The sleek and super-expensive Hennessey Venom GT has just set a new speed record of 436 km/h at the Kennedy Space Centre.
The road car world speed record was previously held by the unrestricted Bugatti Veyron, which set its top speed of 435 km/h back in July 2010 at Volkswagen Groups Ehra-Lessien track near Wolfsburg, Germany.
However, because the Venom GT uses a modified chassis and other components from the Lotus Exige and it didnt do two runs, one in either direction, and also because only 11 have been produced so far the Guinness Book of Records has not recognised the Venom as ‘the fastest production car.’
An official Guinness record is established by doing an average of the top speeds achieved in those two runs. So since the Venom GT did only one run, the Veyron SS still holds the official top speed record for a production car.
The Hennessey Venom GT attained a maximum speed of 435 km/h as measured by our VBOX 3i GPS system, said Racelogic engineer Joe Lachovsky.

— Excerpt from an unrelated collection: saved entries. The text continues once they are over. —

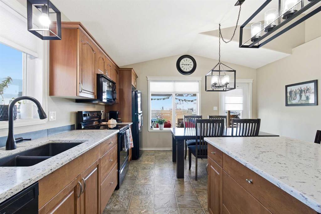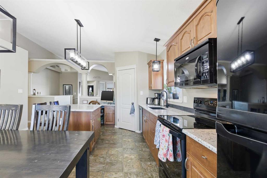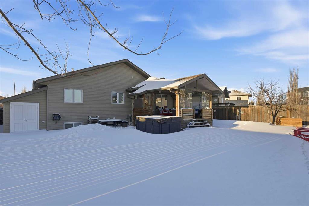 Welcome to this beautifully maintained 5-bedroom, 3-bathroom bungalow located in the heart of College Park, just steps from schools, parks, and the Servus Sports Centre. Built in 2006, this 1,261 sq ft home offers a thoughtful layout, quality finishes, and exceptional indoor-outdoor living. The main floor features three bedrooms, including a spacious primary suite with a walk-in closet and 3-piece ensuite. The large kitchen is ideal for both everyday living and entertaining, showcasing quartz countertops, a corner pantry, and an abundance of alder cabinetry. Central air conditioning ensures year-round comfort. The fully developed basement expands your living space with a generous family room and recreation room, two additional bedrooms (one with a walk-in closet), a full bathroom, a dedicated laundry room, and ample storage. Outside, you’ll find a well-manicured, fully fenced and landscaped yard designed for enjoyment and functionality. The covered deck/pergola features added glass, power, and natural gas hookup for your BBQ, making it perfect for entertaining. RV parking, a shed, and a hot tub (included) add even more value. Completing the property is an impressive 24 x 26 heated garage with 11.5-foot ceilings, easily accommodating two full-size vehicles. This move-in-ready home combines space, comfort, and an unbeatable location—an excellent opportunity for families looking to settle in College Park.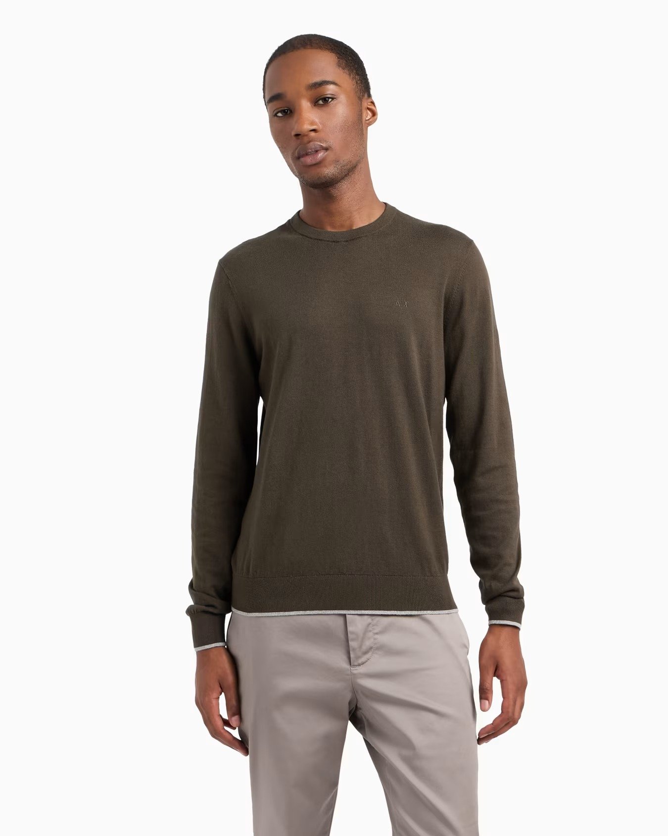 The Armani Exchange Men’s Knitwear stands out with its premium material composition. The addition of cashmere to high-quality cotton provides unmatched softness and warmth without compromising durability. Its plain design and rich green tone make it an evergreen piece that never goes out of style, ensuring you look effortlessly polished wherever you go.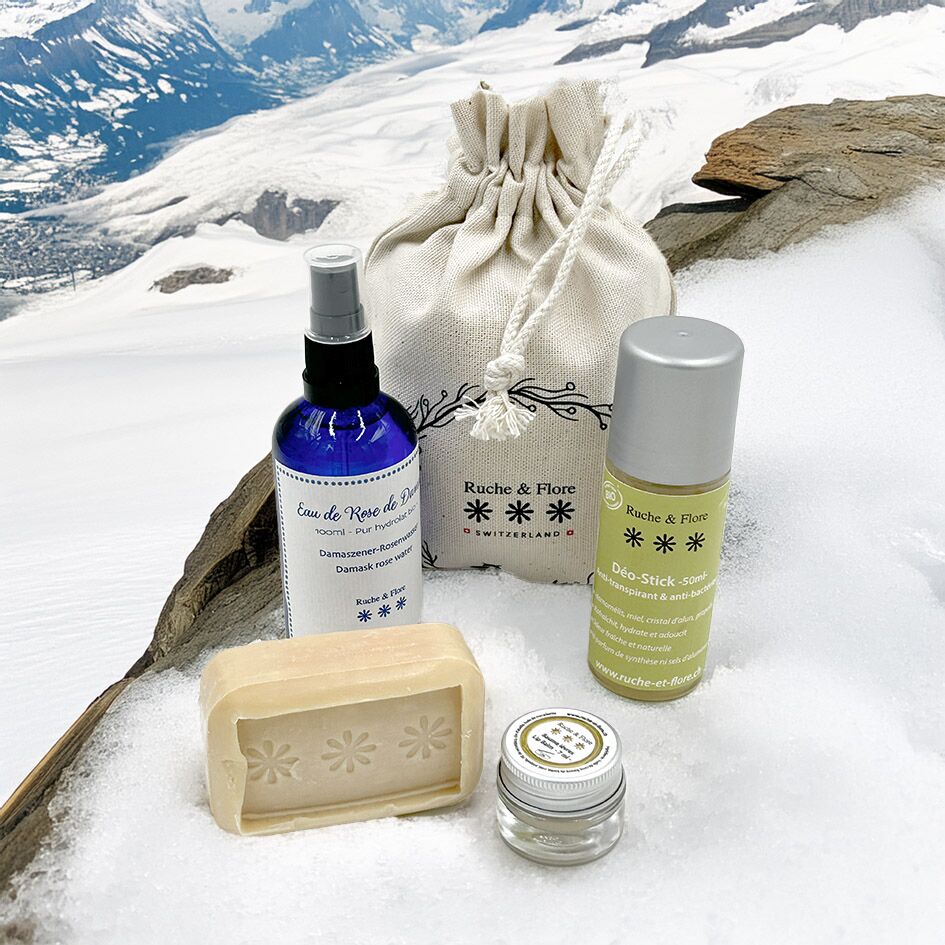 Un déodorant Bio, une eau de rose Bio, un savon à la gelée royale spécial peaux sèches et un baume à lèvres si utile en hiver.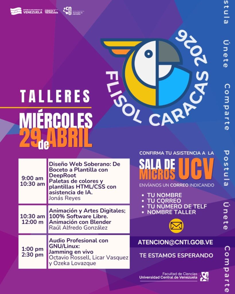 La agenda del festival para este año se dividirá en dos jornadas de alto impacto formativo en la ciudad de Caracas. El miércoles 29 de abril, la Facultad de Ciencias de la Universidad Central de Venezuela (UCV) recibirá las mesas de instalación y los talleres prácticos en su Sala de Micros. En este espacio, el público podrá participar en formaciones especializadas como la de Diseño Web Soberano con DeepRoot para la creación de plantillas con asistencia de Inteligencia Artificial (IA), así como talleres de Animación y Artes Digitales utilizando Blender y sesiones de Audio Profesional bajo GNU/Linux.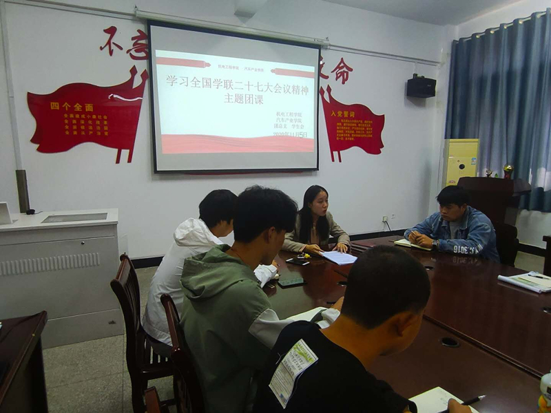 11月5日,机电工程学院团总支在208会议室举行学习全国学联二十七大会议精神主题团课活动,会议由学院团总支书记主持,团总支学生会全体成员参加。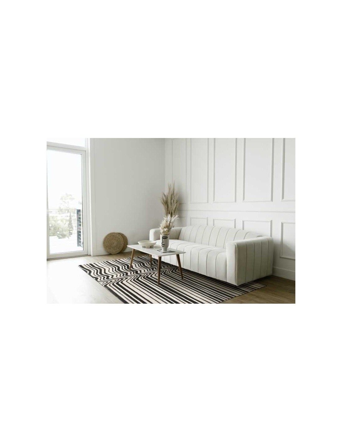 The Alto Blue boasts a modest pile height of 0.8 cm, providing a sleek profile that is both comfortable underfoot and easy to maintain. The material composition is a thoughtful blend of sustainability, durability, and practicality, with 24% recycled cotton, 4% RPET, and a robust 72% PES, ensuring that this rug not only looks good but also contributes positively to the environment. Its machine washable feature means that keeping it clean and fresh is as simple as it gets, perfect for busy households.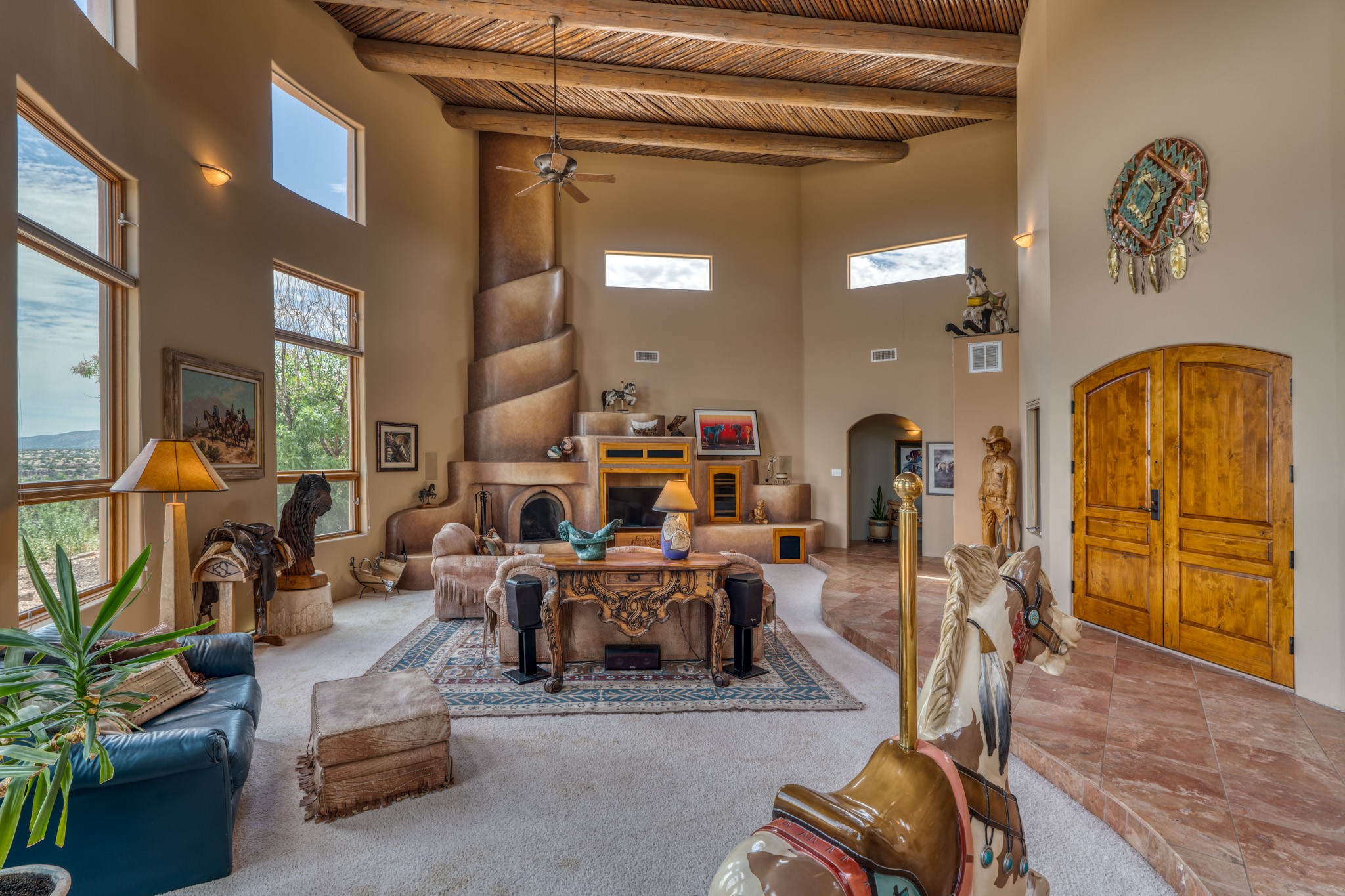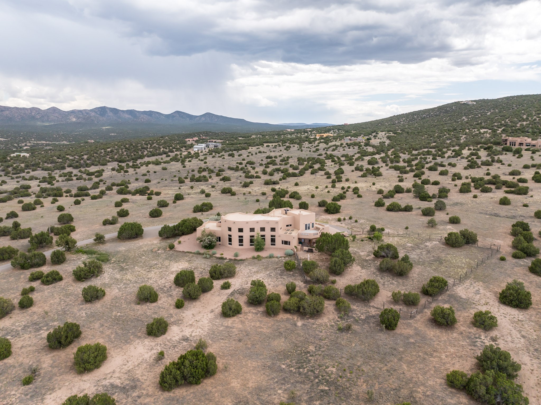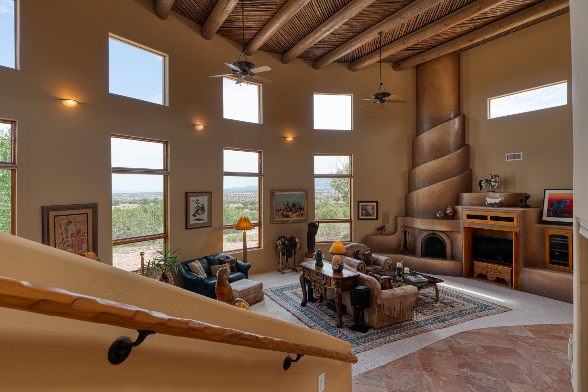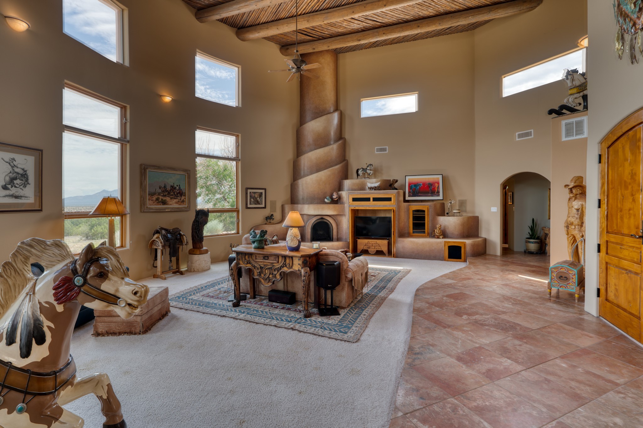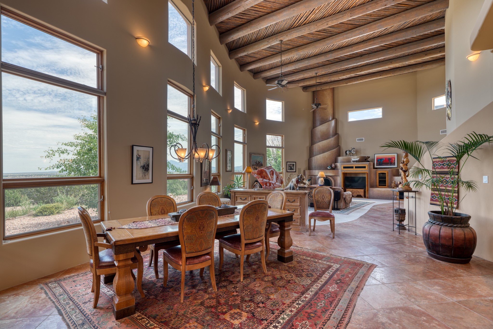 Imagine a home designed to capture the essence of East Mountain living on 10 acres, where expansive walls of glass blur the lines between indoors & out. This custom-built masterpiece boasts soaring ceilings with handcrafted wood beams that amplify light and openness, while every window offers a breathtaking vista. This beauty with a fabulous open floor plan, originally built for the builder, with many custom features. Certified Green Build with ICF Construction and Turkish travertine floors, Pella wood windows, magnificent 22' Kiva in Living room, Chef's kitchen with high-end Kitchen Aid appliances, Thermador Professional range, tons of counter space & butcher block island. Covered patio with kiva fireplace, 4-car oversized garage, fenced yard (2/3 ac) Roof-top deck on 10 acres.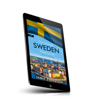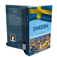 “A colorful cityscape of Sweden with historic buildings and a waterway, under a blue sky with the Swedish flag displayed at the top.”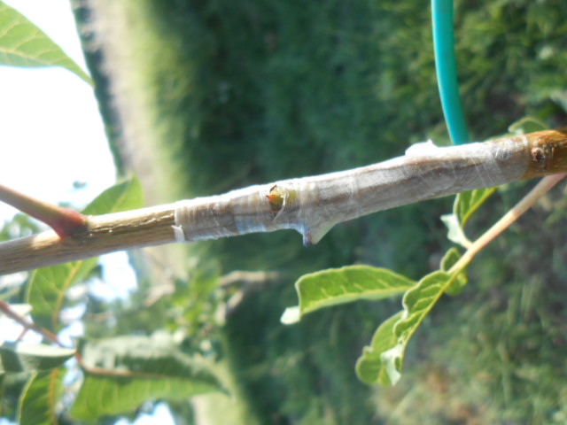 Greffes de pistachiers que j'ai fait sur deux jeunes francs en pleine terre, dans le sud Vaucluse, le 18 juin dernier.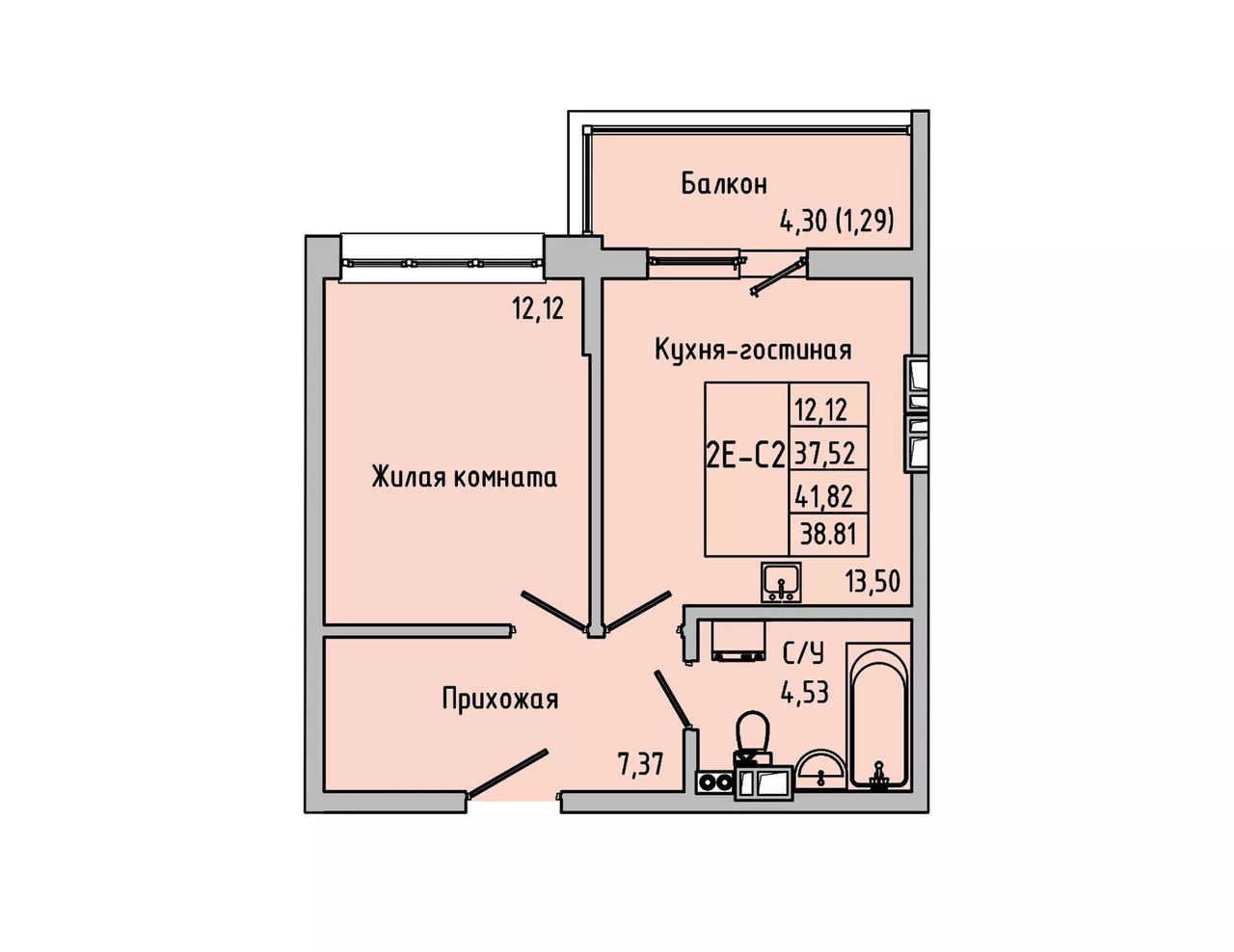 Общая площадь38,81 м²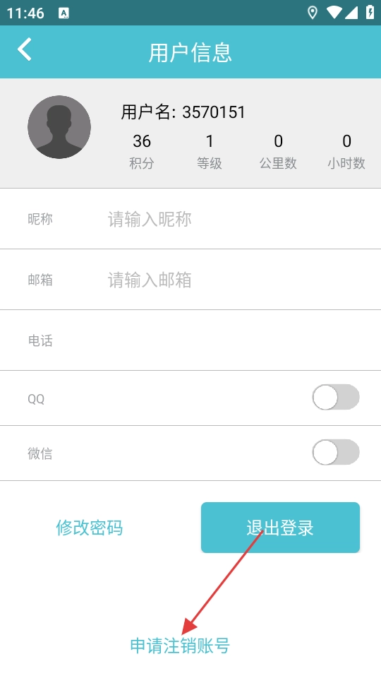 在用户信息页面,点击【申请注销账号】选项,即可进入账号注销流程。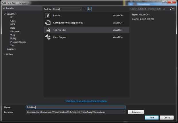 Agregar un archivo por lotes para construir usando texto de utilidad archivo llamado build.bat. Asegúrese de que se encuentra en el nivel de proyecto. Agregar un archivo por lotes para construir usando texto de utilidad archivo llamado clean.bat. Asegúrese de que se encuentra en el nivel de proyecto. Este archivo no se utilizará en esta versión de este instructable pero finalmente se debe crear una función limpia. Reconstrucción también es buena pero en un pequeño programa que podemos hacer sin él.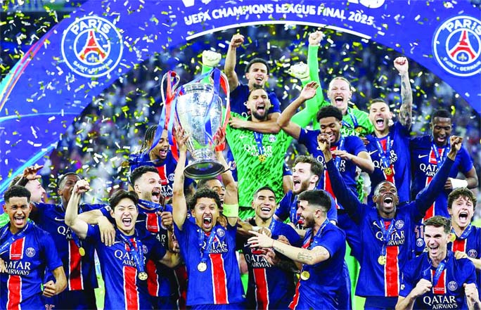 Agency : Teenager Desire Doue scored twice to inspire Paris St Germain to their first European Cup triumph with a crushing 5-0 victory over Inter...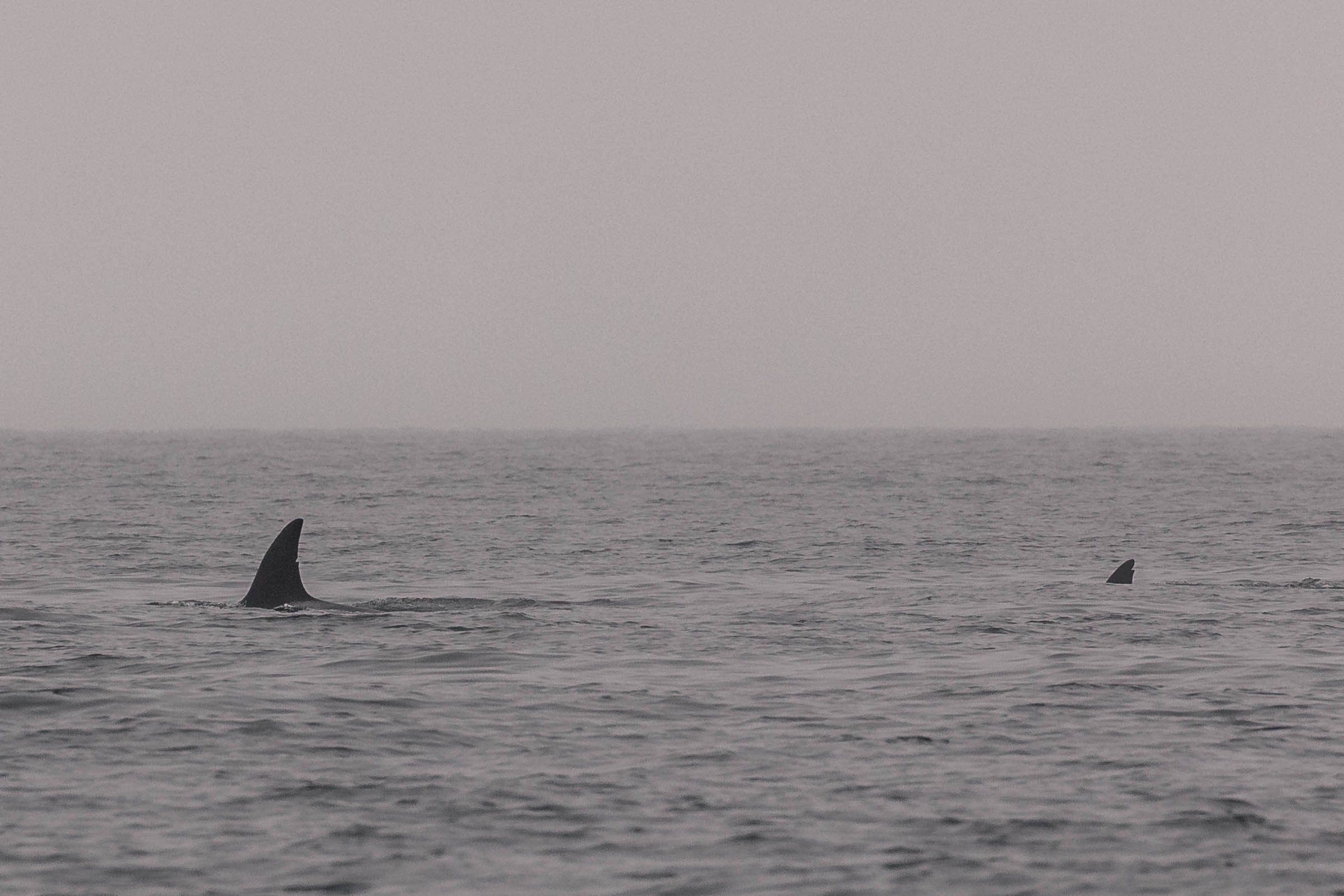 After travelling with the trio for a bit, we turned and began leaving, eager to see what else the day had in store for us. We didn’t have to search for long, though, as we soon found a trio of black fins cutting through the water 20 minutes away from our humpbacks. This time, we had found a pod of Transient orca! Once more, our onboard Naturalist began snapping photos to identify who they were with. Unlike with humpbacks, orcas are almost exclusively identified from their saddle patches and dorsal fins, and rarely are identified by their flukes. After comparing photos, we discovered we were with the T037A matriline, consisting of 3 currently present members: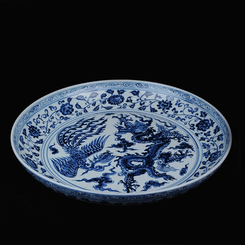 Antique Yuan Qinghua hand-painted dragon and phoenix porcelain plate wall hanging ornaments Jingdezhen ceramics vintage home decorations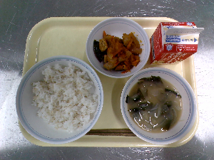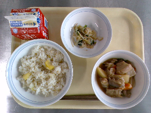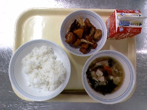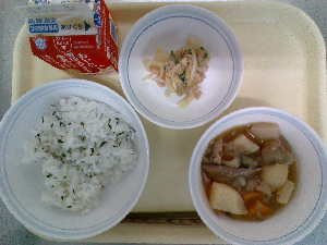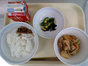 【今日の給食】牛乳 わかめごはん 肉じゃが ツナ酢和え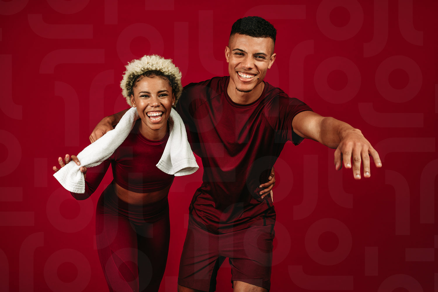 Cheerful african american fitness couple relaxing and having fun after workout. Happy couple holding each other and bending forward against maroon background.

The VBOX GPS data showed that the Venom GT was still accelerating at an average rate of 1 km/h per second as it took just 10.1 seconds to go from 418 to 435 km/h. The record run was made over a distance of 3.8 km, which allowed the Venom just eight-tenths of a mile to stop. Thankfully, its Brembo carbon-ceramic brakes were able to haul the car down from 435 km/h well before the end of the runways 304.8m threshold.